Task goal:
Leave out the pictures and give back all the entries exactly as written.

++++ Task data ++++

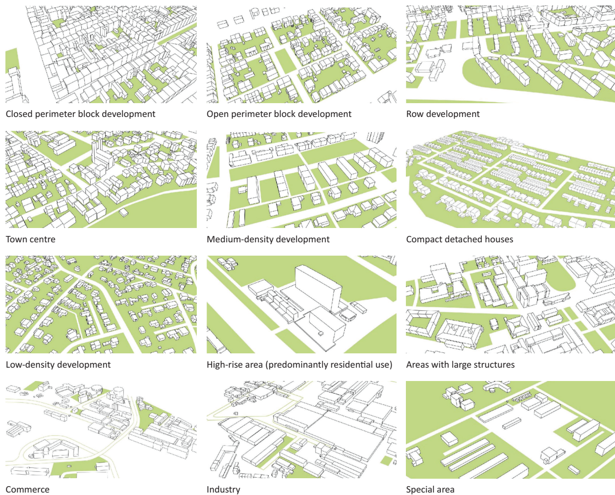
Figure 2. Major urban structure types in Karlsruhe.
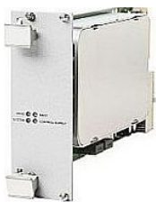
2-axis drive module

The user can select the power supply configuration, the type of each of the four drive modules, its current and which voltage (48Vdc or 96Vdc) to feed it and a motion controller and EtherCAT master. Consult ACS for availability.
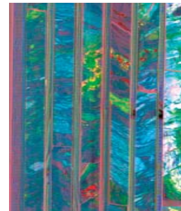
Drill core analysis
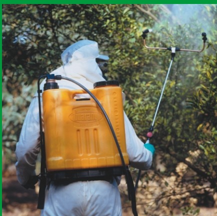
Universal boom - code 9798 - optional accessory
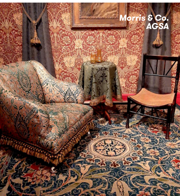
Morris & Co. AGSA

Director: Robert Lepage Adelaide Symphony Orchestra with Adelaide Festival Chorus
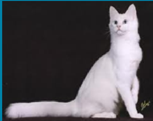
cat as granted
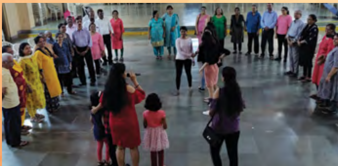
Parent's Day Celebration of St. Dominic Savio, Community No. 17
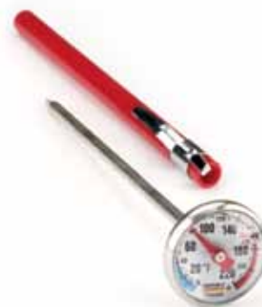
IRT-01 INSTANT READ 1" DIAL WITH SLEEVE 0°F to +220°F / -10°C to +100°C
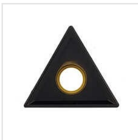
Tungsten Carbide Insert
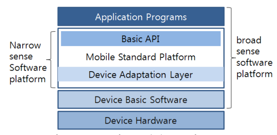
Fig 2. function of mobile software system platform

differentiate but using common operation system can treat as a software.
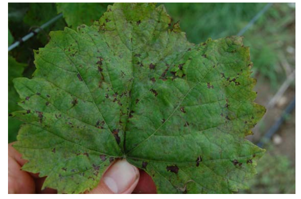
Figure 3: Dead spots caused by downy mildew on the upper surface of a Léon Millot leaf. Lesions that develop later in the season often die completely and can resemble anthracnose lesions.
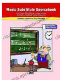
image alt="The Music Substitute Sourcebook Grades K–12 book cover"
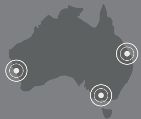
BARRETT BURSTON MALTING Australia
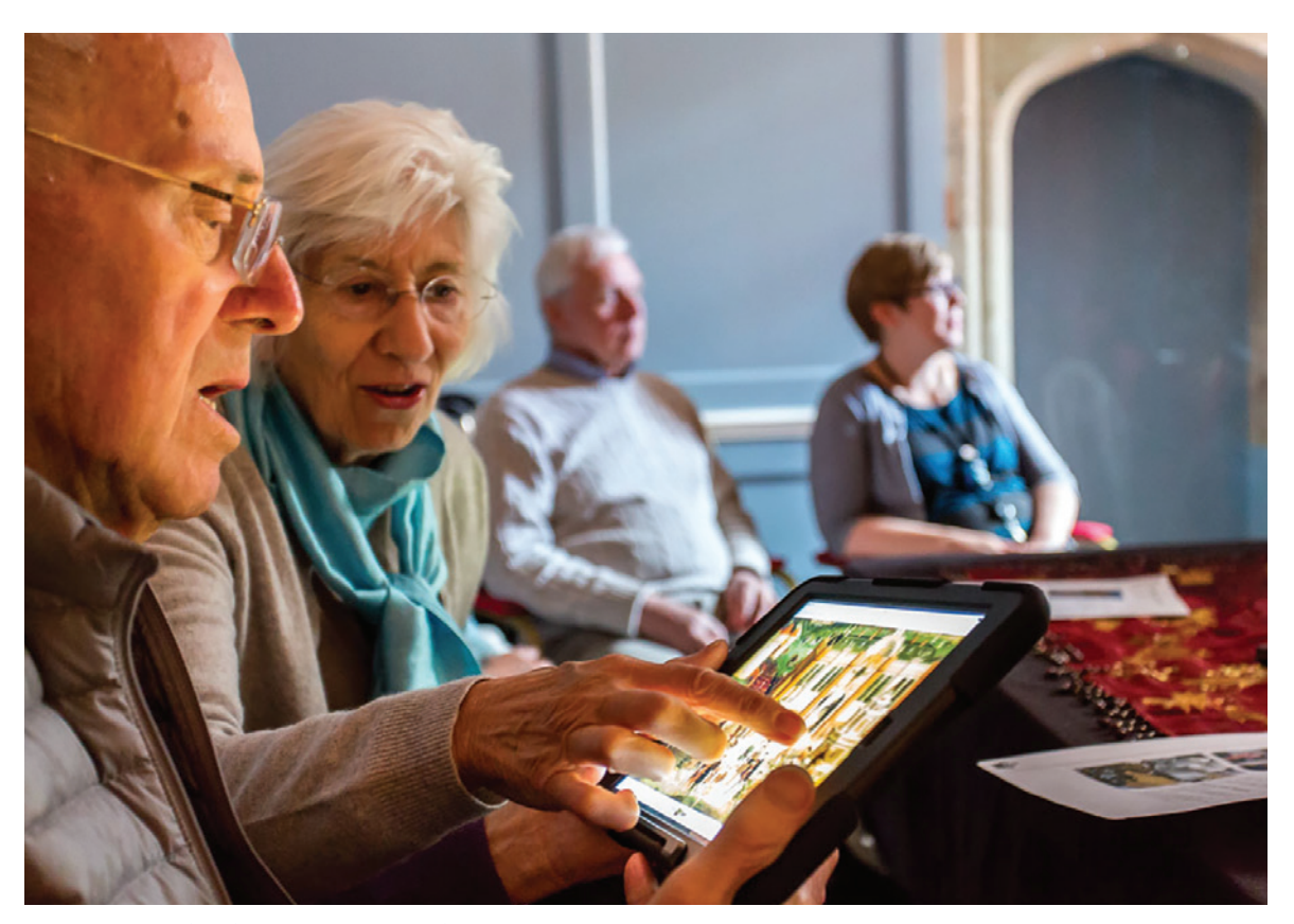
Historic Royal Palaces, Sensory Palaces

In addition, people may have other health issues alongside dementia – such as impaired hearing or mobility problems – that could affect their ability to get around your venue or appreciate what's on offer.
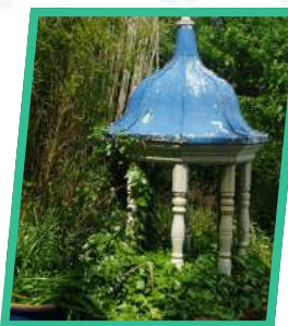
Garden of Curiosities
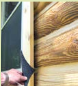
Use Log Gap Cap™ where round logs meet window and door jamb trim
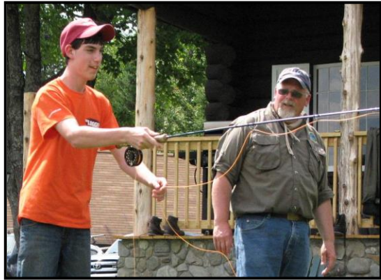
"The instructors made casting fun. They share tips that are easy to remember."
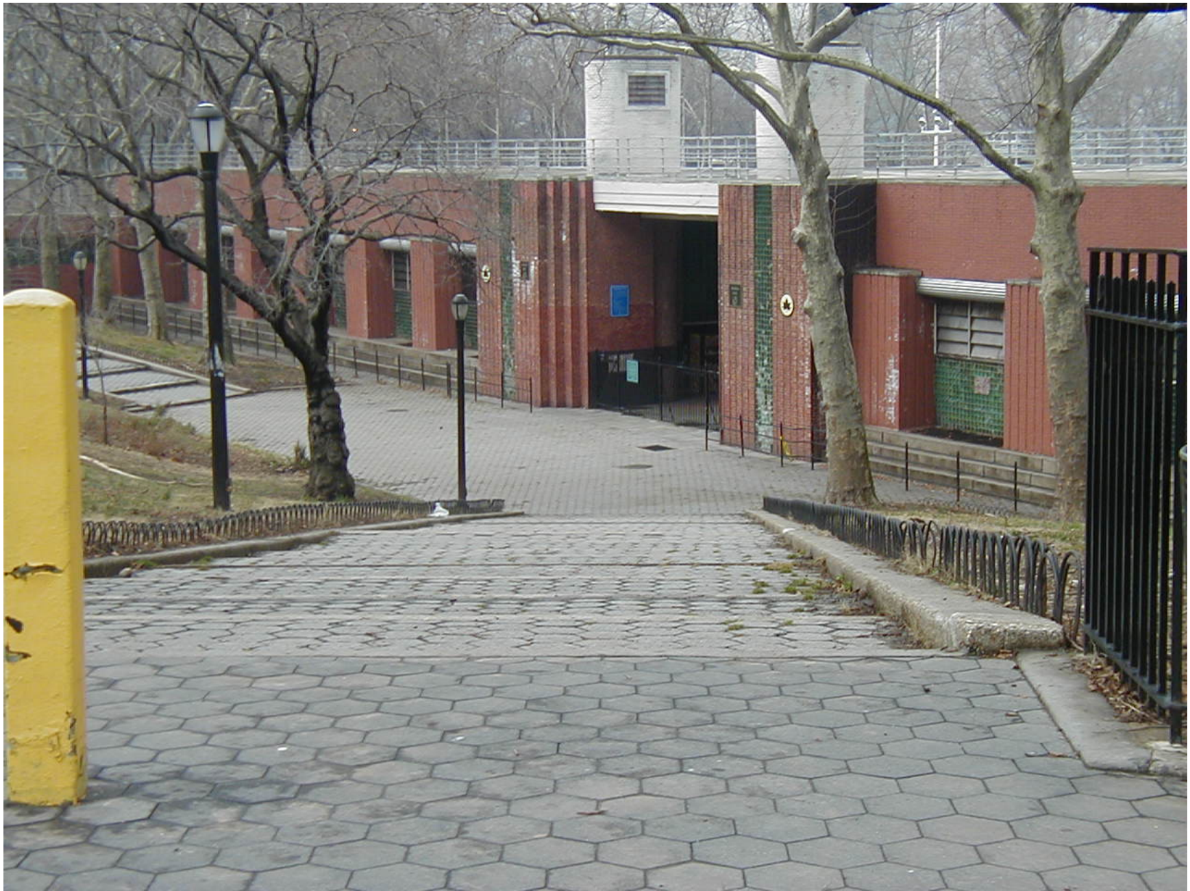
Astoria Play Center, 19 th Street, Borough of Queens: East Facade
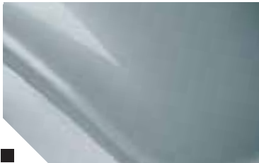
■ Reflex-Silver pearl effect (Varnish)

++++

Task answer:
Figure 2. Major urban structure types in Karlsruhe.
2-axis drive module

The user can select the power supply configuration, the type of each of the four drive modules, its current and which voltage (48Vdc or 96Vdc) to feed it and a motion controller and EtherCAT master. Consult ACS for availability.
Drill core analysis
Universal boom - code 9798 - optional accessory
Morris & Co. AGSA

Director: Robert Lepage Adelaide Symphony Orchestra with Adelaide Festival Chorus
cat as granted
Parent's Day Celebration of St. Dominic Savio, Community No. 17
IRT-01 INSTANT READ 1" DIAL WITH SLEEVE 0°F to +220°F / -10°C to +100°C
Tungsten Carbide Insert
Fig 2. function of mobile software system platform

differentiate but using common operation system can treat as a software.
Figure 3: Dead spots caused by downy mildew on the upper surface of a Léon Millot leaf. Lesions that develop later in the season often die completely and can resemble anthracnose lesions.
image alt="The Music Substitute Sourcebook Grades K–12 book cover"
BARRETT BURSTON MALTING Australia
Historic Royal Palaces, Sensory Palaces

In addition, people may have other health issues alongside dementia – such as impaired hearing or mobility problems – that could affect their ability to get around your venue or appreciate what's on offer.
Garden of Curiosities
Use Log Gap Cap™ where round logs meet window and door jamb trim
"The instructors made casting fun. They share tips that are easy to remember."
Astoria Play Center, 19 th Street, Borough of Queens: East Facade
■ Reflex-Silver pearl effect (Varnish)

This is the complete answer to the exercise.